### THE TASK
The lines from the start of the data up to and including the one with "Rue de la Libération." should be returned exactly, and nothing else.
(DATA TO PROCESS)
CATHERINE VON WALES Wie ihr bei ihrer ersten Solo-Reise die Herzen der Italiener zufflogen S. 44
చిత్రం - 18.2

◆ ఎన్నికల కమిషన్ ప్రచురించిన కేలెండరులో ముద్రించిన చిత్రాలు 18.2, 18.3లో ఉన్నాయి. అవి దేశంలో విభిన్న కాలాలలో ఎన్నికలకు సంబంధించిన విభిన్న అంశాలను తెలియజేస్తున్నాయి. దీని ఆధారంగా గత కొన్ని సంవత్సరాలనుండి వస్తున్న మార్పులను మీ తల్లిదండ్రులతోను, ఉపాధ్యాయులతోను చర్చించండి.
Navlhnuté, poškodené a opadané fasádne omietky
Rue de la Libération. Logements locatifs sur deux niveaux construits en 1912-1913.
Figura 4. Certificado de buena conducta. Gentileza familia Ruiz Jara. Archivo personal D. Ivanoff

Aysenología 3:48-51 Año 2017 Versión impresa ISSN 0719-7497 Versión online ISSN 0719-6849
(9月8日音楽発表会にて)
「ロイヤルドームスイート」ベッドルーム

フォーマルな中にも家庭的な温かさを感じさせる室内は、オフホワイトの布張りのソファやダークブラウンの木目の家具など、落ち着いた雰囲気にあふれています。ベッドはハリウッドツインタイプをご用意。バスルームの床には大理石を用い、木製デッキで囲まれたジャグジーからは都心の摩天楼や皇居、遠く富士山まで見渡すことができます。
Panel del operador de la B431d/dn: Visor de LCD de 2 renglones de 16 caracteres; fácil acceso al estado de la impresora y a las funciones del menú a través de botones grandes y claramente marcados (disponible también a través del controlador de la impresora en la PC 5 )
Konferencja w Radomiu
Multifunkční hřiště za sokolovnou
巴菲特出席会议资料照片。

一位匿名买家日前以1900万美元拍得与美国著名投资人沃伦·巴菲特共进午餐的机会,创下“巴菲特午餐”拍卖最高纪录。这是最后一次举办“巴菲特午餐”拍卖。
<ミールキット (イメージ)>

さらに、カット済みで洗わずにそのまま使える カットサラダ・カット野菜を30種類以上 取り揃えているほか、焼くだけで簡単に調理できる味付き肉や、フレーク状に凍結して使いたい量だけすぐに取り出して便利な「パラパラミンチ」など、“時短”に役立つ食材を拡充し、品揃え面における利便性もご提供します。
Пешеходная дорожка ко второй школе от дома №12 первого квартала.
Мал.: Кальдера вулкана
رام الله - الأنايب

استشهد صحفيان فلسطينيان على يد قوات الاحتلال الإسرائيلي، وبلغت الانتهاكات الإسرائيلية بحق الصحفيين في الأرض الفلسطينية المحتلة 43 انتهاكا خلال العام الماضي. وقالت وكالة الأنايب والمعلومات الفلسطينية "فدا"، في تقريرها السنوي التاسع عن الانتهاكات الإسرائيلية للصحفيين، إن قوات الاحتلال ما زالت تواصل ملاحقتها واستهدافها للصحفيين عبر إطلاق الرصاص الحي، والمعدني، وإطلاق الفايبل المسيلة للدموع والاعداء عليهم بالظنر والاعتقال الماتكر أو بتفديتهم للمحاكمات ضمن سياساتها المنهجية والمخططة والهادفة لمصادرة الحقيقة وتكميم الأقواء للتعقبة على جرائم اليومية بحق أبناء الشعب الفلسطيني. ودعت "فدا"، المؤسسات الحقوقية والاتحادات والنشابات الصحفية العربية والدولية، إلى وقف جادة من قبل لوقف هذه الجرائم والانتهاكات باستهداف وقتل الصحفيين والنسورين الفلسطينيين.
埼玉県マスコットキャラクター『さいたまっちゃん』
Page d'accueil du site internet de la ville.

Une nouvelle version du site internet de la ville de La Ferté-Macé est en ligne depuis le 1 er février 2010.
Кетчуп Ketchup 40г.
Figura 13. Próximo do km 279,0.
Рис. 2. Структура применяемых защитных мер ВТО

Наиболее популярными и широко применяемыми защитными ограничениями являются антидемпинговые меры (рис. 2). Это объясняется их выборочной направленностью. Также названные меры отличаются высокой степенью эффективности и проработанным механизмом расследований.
(End DATA TO PROCESS)
### TASK RESULT
CATHERINE VON WALES Wie ihr bei ihrer ersten Solo-Reise die Herzen der Italiener zufflogen S. 44
చిత్రం - 18.2

◆ ఎన్నికల కమిషన్ ప్రచురించిన కేలెండరులో ముద్రించిన చిత్రాలు 18.2, 18.3లో ఉన్నాయి. అవి దేశంలో విభిన్న కాలాలలో ఎన్నికలకు సంబంధించిన విభిన్న అంశాలను తెలియజేస్తున్నాయి. దీని ఆధారంగా గత కొన్ని సంవత్సరాలనుండి వస్తున్న మార్పులను మీ తల్లిదండ్రులతోను, ఉపాధ్యాయులతోను చర్చించండి.
Navlhnuté, poškodené a opadané fasádne omietky
Rue de la Libération. Logements locatifs sur deux niveaux construits en 1912-1913.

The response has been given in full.